Fairbanks Rollergirls
- Metro area: Fairbanks, Alaska
- Country: United States
- Founded: 2008
- Teams: FBXRG All Stars
- Track type(s): Flat
- Venue: Lathrop High School
- Affiliations: WFTDA
- Website: fairbanksrollergirls.org

= Fairbanks Rollergirls =

Roller derby league

Fairbanks Rollergirls (FBXRG) is a women's flat track roller derby league, located in Fairbanks, Alaska. Founded in 2008, FBXRG is a member of the Women's Flat Track Derby Association (WFTDA).

==History and organization==
Founded in 2008 by local entrepreneur Michelle Maynor (also known as "Bad Lady") the early members were a handful of motivated, strong-willed women with a passion for roller derby. Maynor was quickly elected president of the organization and held the position until her term ended in July 2011.

In April 2010 FBXRG was accepted as an Apprentice Member of the Women's Flat Track Derby Association (WFTDA). In June 2011 the Fairbanks Rollergirls were accepted as full WFTDA members, as a part of the West region.

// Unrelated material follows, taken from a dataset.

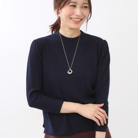 リブ柄は、ヨーク風の柄切り替えがさりげないアクセントとなり、お顔周りをすっきり見せてくれます。

Fairbanks Rollergirls is a skater-owned, skater-operated organization. None of its members receive any revenue from the league, which is run as a 501(c)(4) non-profit organization.

===WFTDA rankings===

| Season | Final ranking | Playoffs | Championship |
|---|---|---|---|
| 2012 | 37 W | DNQ | DNQ |
| 2013 | 171 WFTDA | DNQ | DNQ |
| 2014 | NR WFTDA | DNQ | DNQ |
| 2015 | NR WFTDA | DNQ | DNQ |
| 2016 | NR WFTDA | DNQ | DNQ |
| 2017 | 312 WFTDA | DNQ | DNQ |
| 2018 | 304 WFTDA | DNQ | DNQ |

- NR = no end-of-year ranking assigned

==Teams==

At the end of their first season, the Fairbanks Rollergirls introduced two new intraleague teams, the Gold Diggers and the Raven Rebels. This marked a milestone in the Fairbanks Rollergirls history as it meant the league had grown large enough to house two home teams of 14-20 rostered skaters each. The home teams were dissolved in 2015, leaving the league with its single travel team. Fairbanks Rollergirls' All Star Team, the Fairbanks Rollergirls All Stars were founded in 2010 and a B-team, the Fairbanks Rollergirls Roller Borealis founded in 2011.

==Exposure==
In 2009, the Fairbanks Rollergirls were approached by the makers of Prilosec OTC, to take part in a national advertisement campaign for the drug in a marketing campaign titled "Project Fairbanks," which offered a brief look into the lives of a diverse group of Fairbanksans with heartburn. A television commercial was produced featuring Fairbanks Rollergirls' skater Jump on Jen, along with a number of other skaters in the league. The production company hosted and filmed the December 2009 Home for the Holidays bout, the free public admission to which was provided courtesy of Prilosec OTC. As a way of saying thanks to Fairbanks, $10,000 was pledged to the United Way of the Tanana Valley.

In late 2010, Fairbanks Rollergirls skater and founder, Bad Lady, was interviewed in Episode 20 of the Derby Radio podcast to discuss derby in Alaska and their upcoming bout with the Pacific Roller Derby All Stars team.

The Fairbanks Rollergirls have been featured in a number of local media outlets including local news and radio, newspaper articles, and television appearances.